Check out this TR from a friend of mine from 06. It should give you a pretty good idea of what is to the north of the pass.

Splitboard.com Forums • View topic - Wolf Creek recon


----------



## dirtbagpinner (Apr 25, 2005)

Fuzzy said:


> I need a little help on Wolf Creek Pass.... Not looking for the secret pow fields but I am planning to be down in the area in a week or so never been and really looking forward to it. Planning to ski lift service a few times but looking for suggestions on some BC tours off the pass. Ideas??


Interesting recent history regarding Wolf Creek Pass:

Foam-Core-Skier.com - Online Guidebook Generates Hate Mail from Wolf Creek Locals


----------



## mthurman (Jan 19, 2004)

*Too civilized*

While I appreciate the topic these guys were discussing, I was drawn off to a side conclusion: these guys are way too nice to each other.

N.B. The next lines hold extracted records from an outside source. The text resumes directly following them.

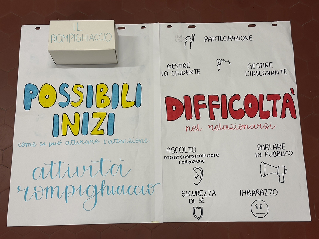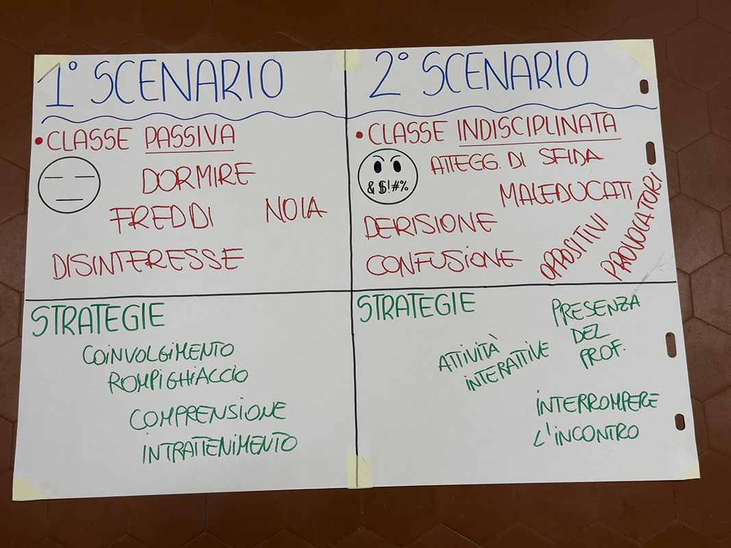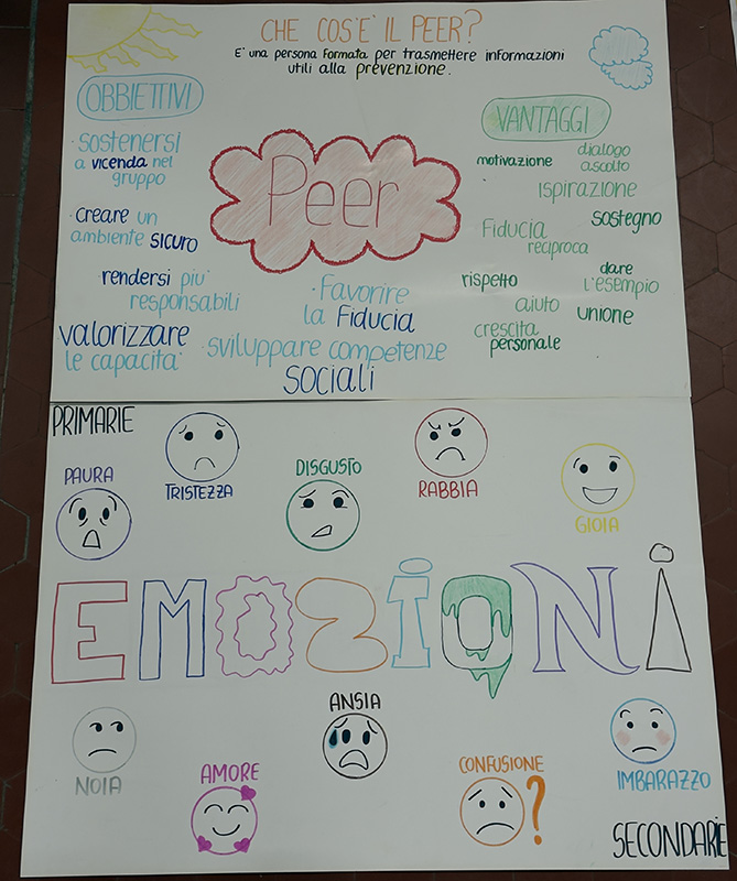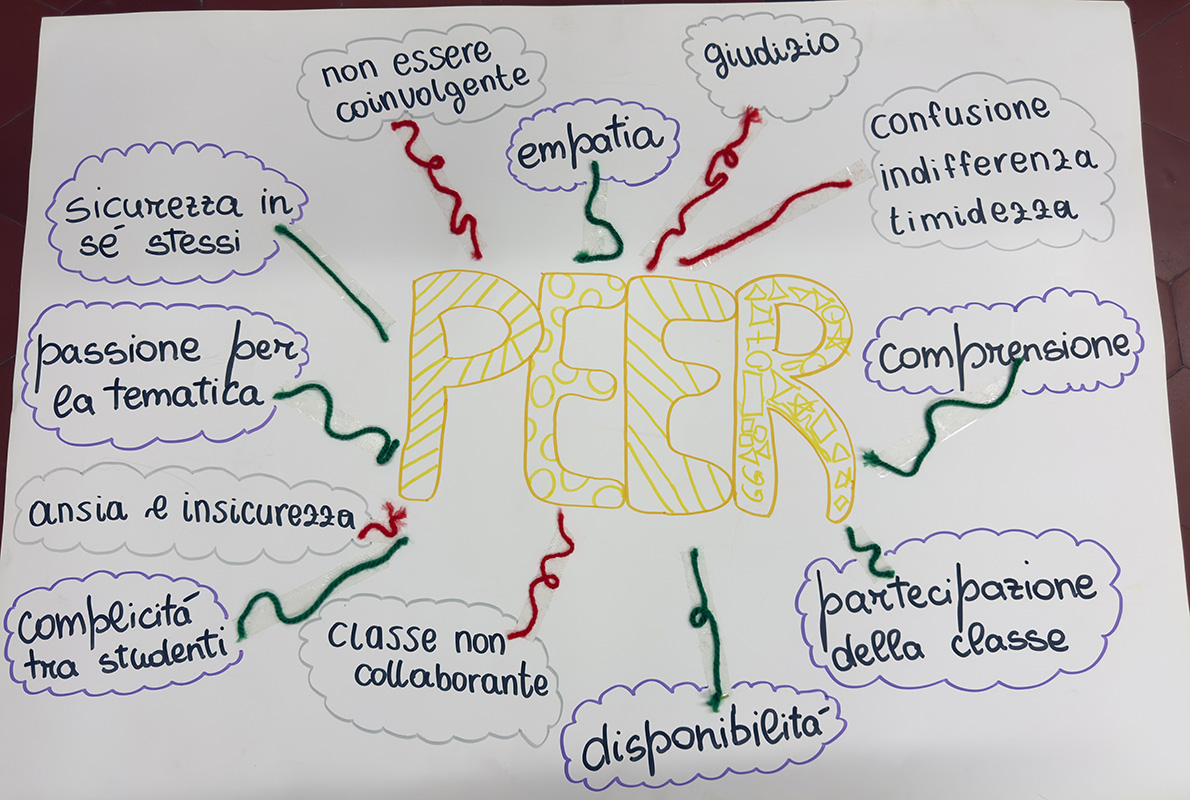 Poi il pensiero si è spostato dall’interno all’esterno, dalla riflessione all’azione. Che cosa succede quando un Peer entra in una classe? Come si parla, come si ascolta, cosa si fa quando qualcuno provoca, quando qualcuno si annoia, quando qualcuno invece ha voglia di esserci? Attraverso un gioco di ruolo, i ragazzi hanno abitato questi personaggi, scoprendo che cambiare punto di vista cambia anche il modo di stare nello spazio e nelle relazioni. Anche in questo caso il lavoro si è tradotto in un prodotto concreto: cartelloni che raccolgono le difficoltà incontrate, le emozioni emerse, le fragilità riconosciute, ma anche le strategie immaginate per affrontarle e le opportunità che queste stesse situazioni possono offrire.
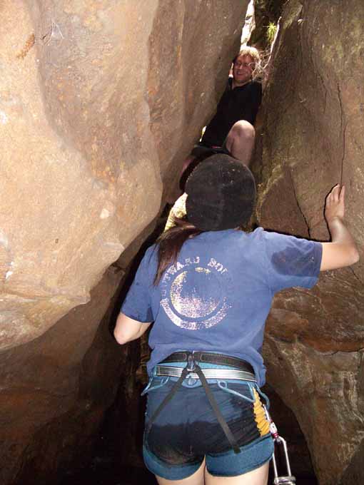 Above - Clare watches Chris climb down the tricky bit
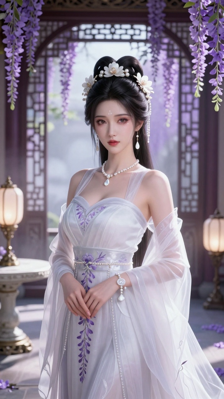 (3d渲染国漫美女:1.5), CG动漫美女, 平视镜头, (极致精致仙女五官:1.4), 远山黛眉, 眼尾带泪痣的水润杏眼, 精致琼鼻, 饱满樱唇, 通透冷白皮, (丰满大胸:1.7), 温婉妩媚神态, 元宝髻, 珍珠发冠, 白玉兰花发簪, 白贝母水滴耳环, 珍珠璎珞, 白玉手链, (月白色薄纱古风长裙:1.3), 带内衬, 裙摆绣紫藤花暗纹, 广袖流仙裙, 轻纱拖尾, 身处古风紫藤花厅室内场景, 拱形雕花落地窗, 满架紫藤花垂落, 白玉圆桌, 珍珠流苏宫灯, 阳光透过花窗洒下丁达尔光, 仙雾缭绕, 8k超清, UE5渲染, 光线追踪, 室内体积光, 电影级光影, 极致细节刻画, 丝滑材质, 高动态范围, 景深
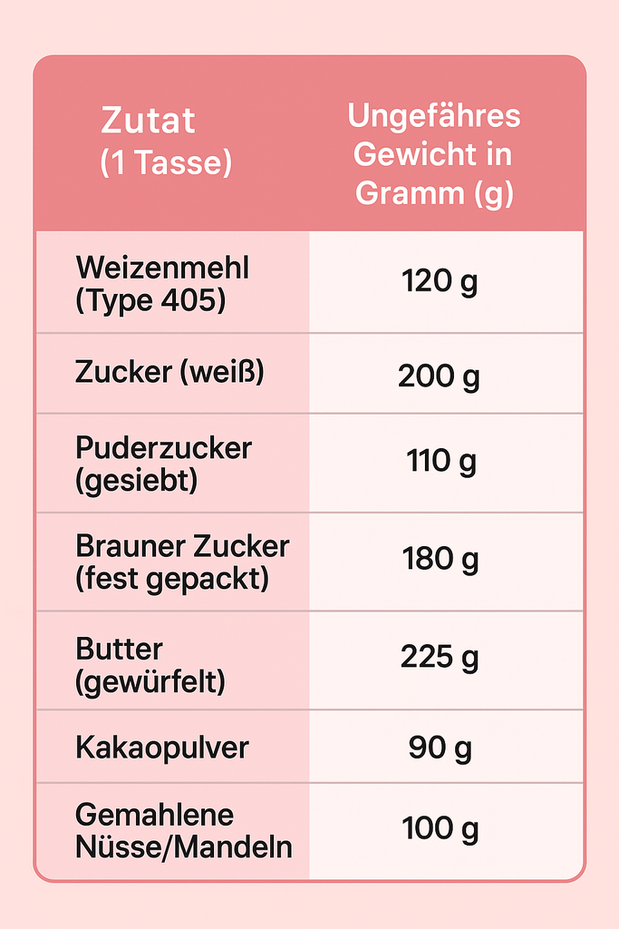 Natürlich gibt es sie: die geliebten alten Familienrezepte oder tolle Rezepte von internationalen Blogs, die nur Tassen-Angaben haben. Für diese Notfälle haben wir hier einen kleinen Spickzettel für dich erstellt. Aber denk dran: Das sind immer nur Näherungswerte!
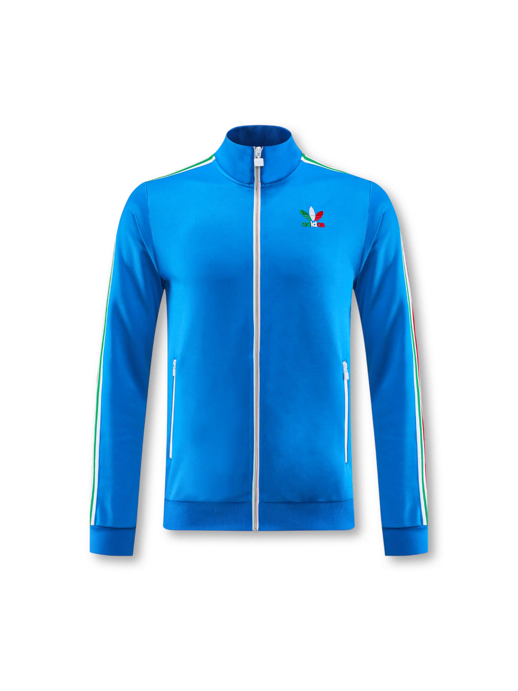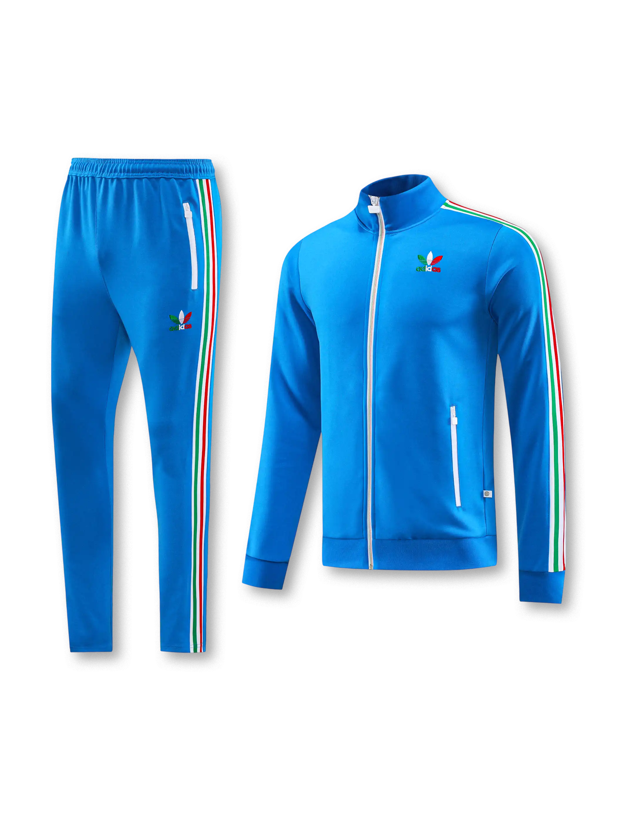 ブルーボディにグリーン・ホワイト・レッドの縦ラインを配した、イタリアカラーが印象的なadidas Originalsトラックスーツセット。
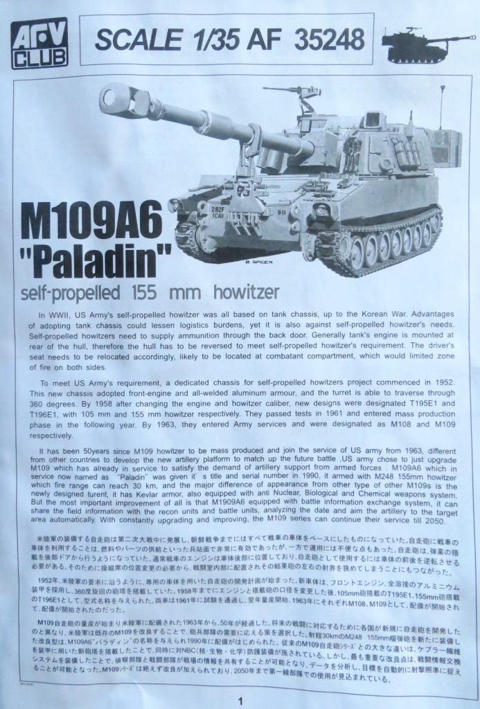 Модель американской САУ от AFV. Качество литья хорошее,на замену трос (нить) и гуси(винил).Если я не ошибаюсь модель свежая.Инструкция в виде книжки для 5 вариантов окраски.

I read through the posts on the link this morning and I have to say it gives you a whole new appreciation of the buzz. Words were largely spelled correctly, people relied on wide vocabularies and points were long and reasonably thought out.

I think they needed more mono syllabic grunts, f$%k-offs, sexual preference questions and an occasional turkey leg.

I love the many feral, hysterical, rude but many times well thought out responses on the buzz. Can you imagine what those guys would have thought of chunderboy (RIP)?

Mike


----------



## Fuzzy (May 25, 2005)

Don't think I will put a 303 sticker on my car when I am down there. Thanks for the help. Peace


----------



## Canada (Oct 24, 2006)

*M Wave*

It's gotten ugly here before as well. Seriosly, it's not like the back country is that hard to figure out. A pair of binoculars will get you a line on the goods


----------